President Trump lost the popular vote in 2016 by a much bigger margin than Bush in 2000. He subsequently showed little interest in winning over doubters and uniting the nation, instead claiming his popular-vote loss was the result of fraud and trying to politically punish states that didn’t vote for him.
Trump’s behavior has at times seemed almost a parody of past defenses of the Electoral College. Without the Electoral College, political scientist Judith Best argued in 1975, “demagogues, self-nominated, individualistic leaders of impermanent factions, charismatic leaders riding a single issue might replace the candidates presently recruited because of their moderation, experience, records of electoral success, and service to permanent party organizations.” Oh, really?
Still, the odds of doing away with the Electoral College anytime soon seem slim. Past close calls at reform happened in low-partisanship environments, which is not what we have at the moment. And Republican politicians and voters seem to have convinced themselves the current electoral system is permanently skewed in their favor.
I’m pretty sure they’re wrong about this: most indications are that in the 2004, 2008 and 2012 elections it was aligned to deliver the election to the Democratic loser of a close-enough popular-vote loss. But good luck changing enough minds about that to get a constitutional amendment ratified. While only 38% of US adults in the latest Gallup poll on the topic want to keep the Electoral College, 77% of Republicans do.
Possible paths for change
Electoral College opponents have in recent years tried an end-run of sorts with the National Popular Vote Interstate Compact, in which states pledge to award all their electoral votes to the popular-vote winner as soon as states representing an Electoral College majority of 270 votes are on board. This does not seem at odds with the Constitution, which lets states select electors by any manner they choose. It’s not an approach the framers of the Constitution envisioned, but neither is the current setup.

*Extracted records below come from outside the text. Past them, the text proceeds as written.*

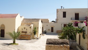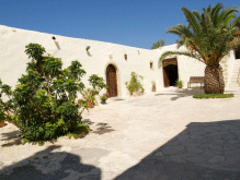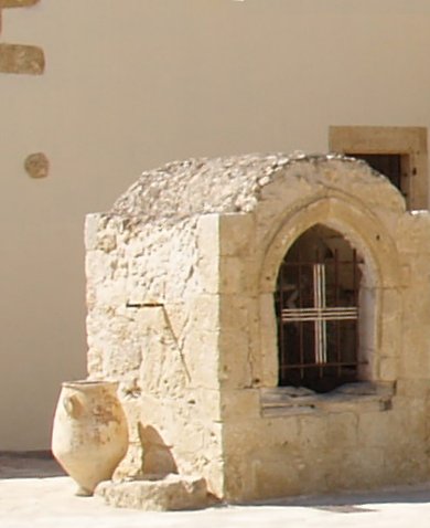 | Δίπλα από αυτό υπάρχει η είσοδος ενός υπόγειου δωματίου που λεγόταν τυροκέλλι γιατί σ’ αυτό φυλάσσονταν τα τυριά του μοναστηριού.Στον χώρο που καταλάμβαναν η αποθήκη και το πατητήρι βρίσκεται σήμερα η τραπεζαρία. Όλo τον υπόλοιπο χώρο του περιβόλου καταλαμβάνουν τα κελιά των πατέρων. |
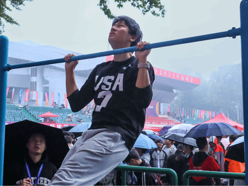 单杠赛场见证着力量的较量,信管选手握杠悬垂,肩背发力,身体在空中划出弧线。这一刻,青春定格在那即使不停发颤也仍旧紧握单杠的双手。每一次下颌过杠,都是对身体极限的勇敢突破;每一次肌肉的颤抖与坚持,都是对意志的反复淬炼。他们用坚实的臂膀扛起挑战,用滴落的汗水诠释着“文明其精神,野蛮其体魄”的深刻内涵,更将信管学子不服输、不放弃的青春姿态,定格在运动会的赛场上。
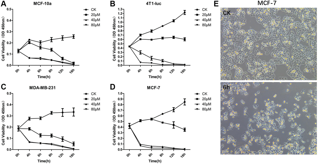 To study the effect of different concentrations of OA on the proliferation of breast tumor cells, we set three concentration levels: 20 μM, 40 μM and 80 μM. MCF-10a, 4T1-luc, MDA-MB-231 and MCF-7 cells were treated with the above concentrations for 16 hours (16 h), and the cell activity of each group was then detected by the CCK-8 method (Figure 1A–1D). The results showed that a low concentration of OA (20 μM) had no significant effect on the survival rate of MCF-7 and 4T1-luc cells. When the concentration of OA was 80 μM, the cell survival rate decreased significantly at both 4 h and 16 h after OA treatment, which indicated that a high concentration of OA (80 μM) had severe toxicity. After 40 μM OA treatment, the cell survival rate decreased significantly from 4 h to 16 h, which indicated a more effective drug effect. Compared with that of the control group, the cell survival rate began to decrease after 4 h of 40 μM OA treatment. When 40 μM OA treatment was carried out for 6 h, the cell survival rate decreased to a controllable range, which was the best time to collect samples for RNA sequencing (Figure 1E).
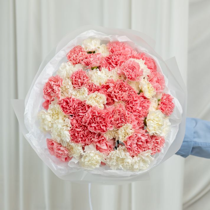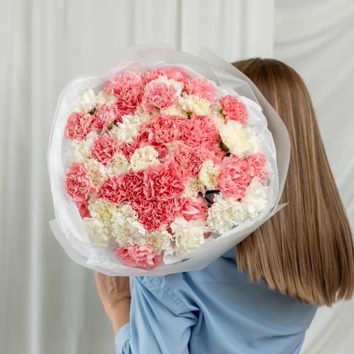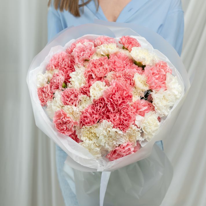 В составе 51 бело-розовых диантусов в дизайнерской упаковке.

The weakness of the NPVIC might be its fragility. States can back out at any time, and basing everything on the national popular vote when the counting of those votes and the determination of voter eligibility remains entirely in the hands of the states seems potentially fraught. Still, it’s a lot easier to achieve than a constitutional amendment, and is currently only 75 electoral votes short of going into effect.
Another reform that could shake up although not replace the Electoral College would be expanding the House of Representatives. Keeping its membership constant at 435 since 1912, even as the US population has more than tripled, has been an affront not only to representative government but to George Washington, whose only speech at the Constitutional Convention was a plea for each House member to represent no more than 30,000 people.
At the current US population of 330 million, this would mean a House membership of 11,000 and an Electoral College with 11,103 votes. A constitutional amendment that was thought to fall one state short of ratification in 1792 but maybe actually didn’t put the maximum at 50,000 constituents, which implies a House membership of 6,600. That’s a lot! But doubling or tripling the House membership seems like a reasonable reform that could be achieved without a constitutional amendment. Given that it would further diminish the voting power of smaller states in the Electoral College, it might force some movement toward a popular vote.
“The history recounted here has a Sisyphean air,” Keyssar concedes near the end of his book. But Sisyphus had to keep rolling his boulder up a hill for eternity. We’ve only been trying to fix the Electoral College for about 230 years!